++++ DATASET SECTION ++++

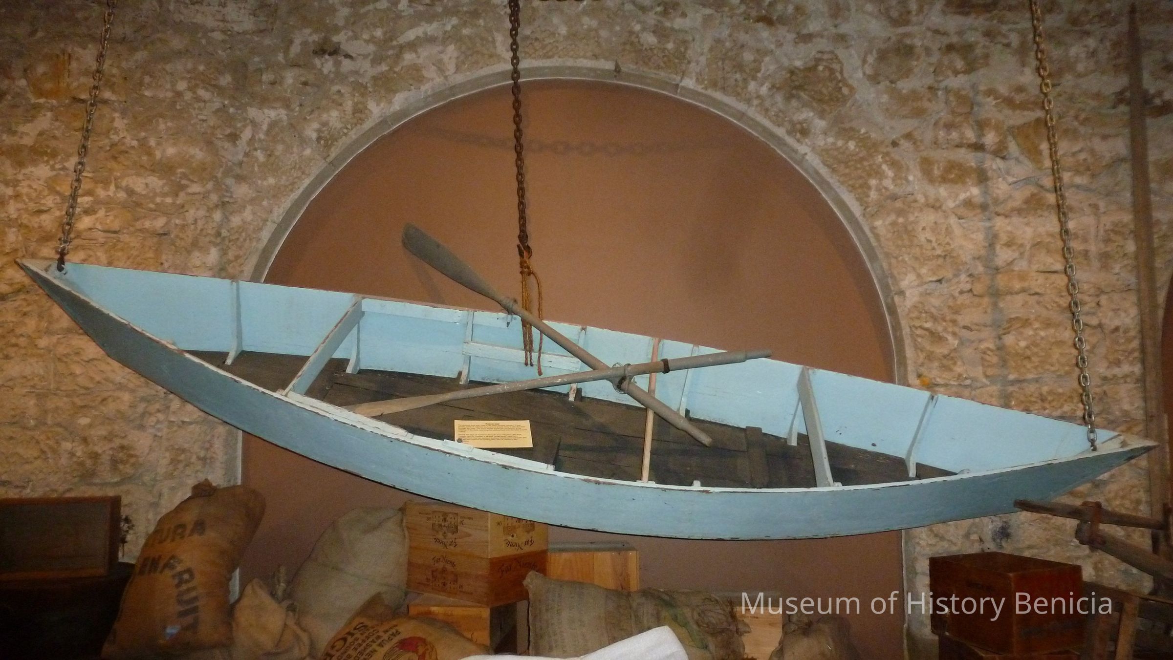 Double-ended, flat bottomed pick-ax boat. Made of Wood. Used by donor for duck hunting in the Delta.
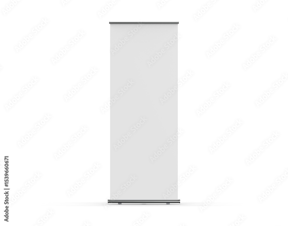 Blank standee roll up banner mockup template on isolated white background, 3d illustration
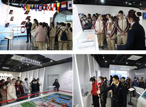 在科普志愿者的带领下,同学们先后参观了舰船科普教育基地的3个展区。从典型船厂的生产布置到大国重器的发展历程,从不同船舶的特点阐述到船舶建造的过程展示,从趣味问答到角色扮演,从观看漫游录像到VR体验,学生志愿者们一边讲解,一边向同学们提问,将枯燥的知识融入游戏和互动,寓教于乐,在欢声笑语中学习新知识。

++++

INSTRUCTIONS FOR THE TASK>
Once the images are removed, print the remaining data exactly as it appears above.

RESPONSE FOR THIS EXERCISE>
 Double-ended, flat bottomed pick-ax boat. Made of Wood. Used by donor for duck hunting in the Delta.
 Blank standee roll up banner mockup template on isolated white background, 3d illustration
 在科普志愿者的带领下,同学们先后参观了舰船科普教育基地的3个展区。从典型船厂的生产布置到大国重器的发展历程,从不同船舶的特点阐述到船舶建造的过程展示,从趣味问答到角色扮演,从观看漫游录像到VR体验,学生志愿者们一边讲解,一边向同学们提问,将枯燥的知识融入游戏和互动,寓教于乐,在欢声笑语中学习新知识。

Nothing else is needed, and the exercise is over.